Starting at the first line of the records below, reproduce every line up to and including the line with "2. Временный ряд", but leave out all pictures.

BEGIN DATA

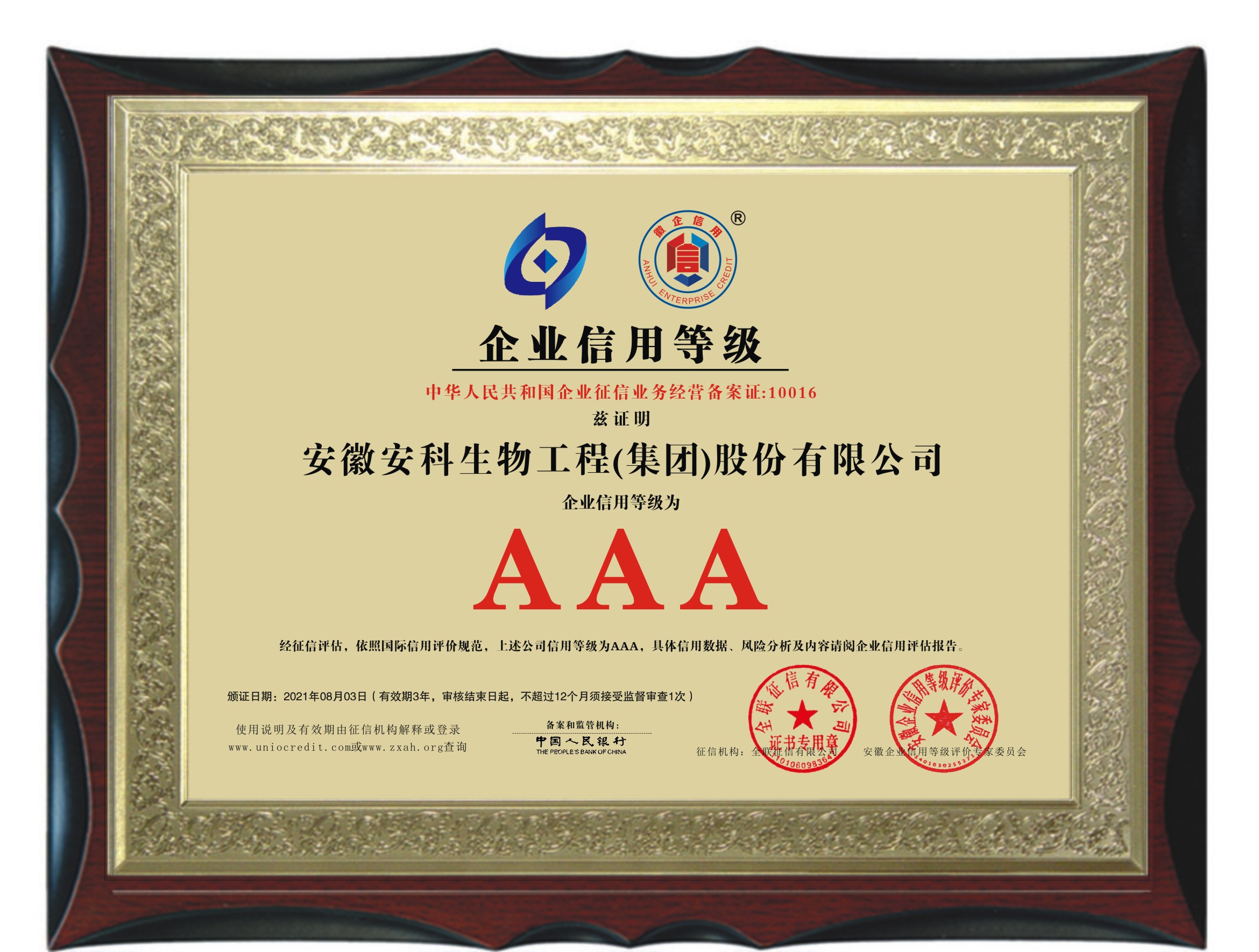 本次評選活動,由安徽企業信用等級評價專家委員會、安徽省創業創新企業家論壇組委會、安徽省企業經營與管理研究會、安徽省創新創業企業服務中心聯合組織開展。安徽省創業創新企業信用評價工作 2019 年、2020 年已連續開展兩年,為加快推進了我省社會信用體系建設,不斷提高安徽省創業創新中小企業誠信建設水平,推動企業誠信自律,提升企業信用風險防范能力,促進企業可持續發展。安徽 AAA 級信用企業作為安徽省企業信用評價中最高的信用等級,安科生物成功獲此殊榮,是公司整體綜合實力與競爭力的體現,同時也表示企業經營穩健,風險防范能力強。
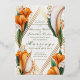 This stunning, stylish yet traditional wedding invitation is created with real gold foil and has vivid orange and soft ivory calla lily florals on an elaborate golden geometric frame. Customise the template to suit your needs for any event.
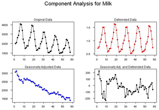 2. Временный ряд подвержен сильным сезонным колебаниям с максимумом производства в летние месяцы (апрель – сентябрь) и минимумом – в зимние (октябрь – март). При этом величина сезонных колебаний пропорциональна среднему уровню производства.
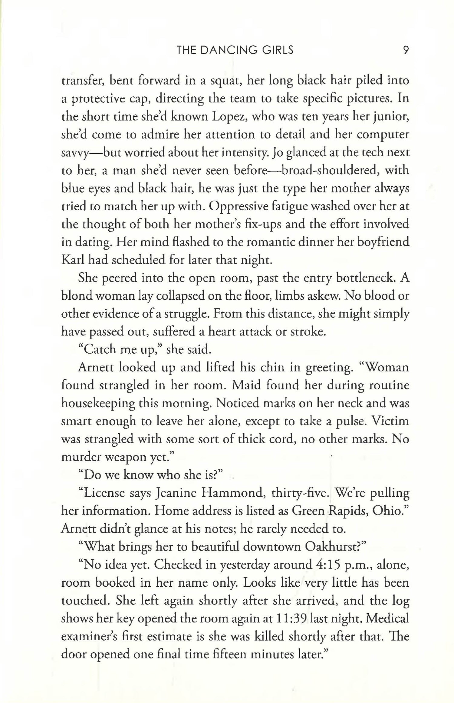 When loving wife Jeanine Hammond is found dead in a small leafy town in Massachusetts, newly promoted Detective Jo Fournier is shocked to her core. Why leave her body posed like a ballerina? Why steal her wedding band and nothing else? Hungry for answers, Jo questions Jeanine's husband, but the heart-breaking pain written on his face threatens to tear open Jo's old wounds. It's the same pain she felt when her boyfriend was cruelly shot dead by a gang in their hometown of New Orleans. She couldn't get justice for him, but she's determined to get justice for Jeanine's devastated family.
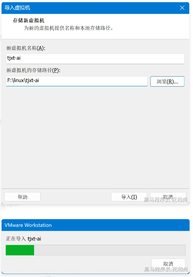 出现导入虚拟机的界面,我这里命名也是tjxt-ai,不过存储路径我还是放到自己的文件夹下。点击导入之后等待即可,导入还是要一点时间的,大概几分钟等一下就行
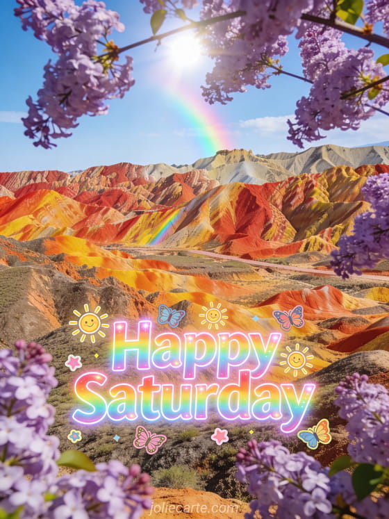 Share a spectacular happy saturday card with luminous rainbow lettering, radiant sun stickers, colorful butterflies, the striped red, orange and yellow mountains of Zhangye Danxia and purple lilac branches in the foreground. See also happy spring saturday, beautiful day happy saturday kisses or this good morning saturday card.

END DATA

RESPONSE BELOW:
 本次評選活動,由安徽企業信用等級評價專家委員會、安徽省創業創新企業家論壇組委會、安徽省企業經營與管理研究會、安徽省創新創業企業服務中心聯合組織開展。安徽省創業創新企業信用評價工作 2019 年、2020 年已連續開展兩年,為加快推進了我省社會信用體系建設,不斷提高安徽省創業創新中小企業誠信建設水平,推動企業誠信自律,提升企業信用風險防范能力,促進企業可持續發展。安徽 AAA 級信用企業作為安徽省企業信用評價中最高的信用等級,安科生物成功獲此殊榮,是公司整體綜合實力與競爭力的體現,同時也表示企業經營穩健,風險防范能力強。
 This stunning, stylish yet traditional wedding invitation is created with real gold foil and has vivid orange and soft ivory calla lily florals on an elaborate golden geometric frame. Customise the template to suit your needs for any event.
 2. Временный ряд подвержен сильным сезонным колебаниям с максимумом производства в летние месяцы (апрель – сентябрь) и минимумом – в зимние (октябрь – март). При этом величина сезонных колебаний пропорциональна среднему уровню производства.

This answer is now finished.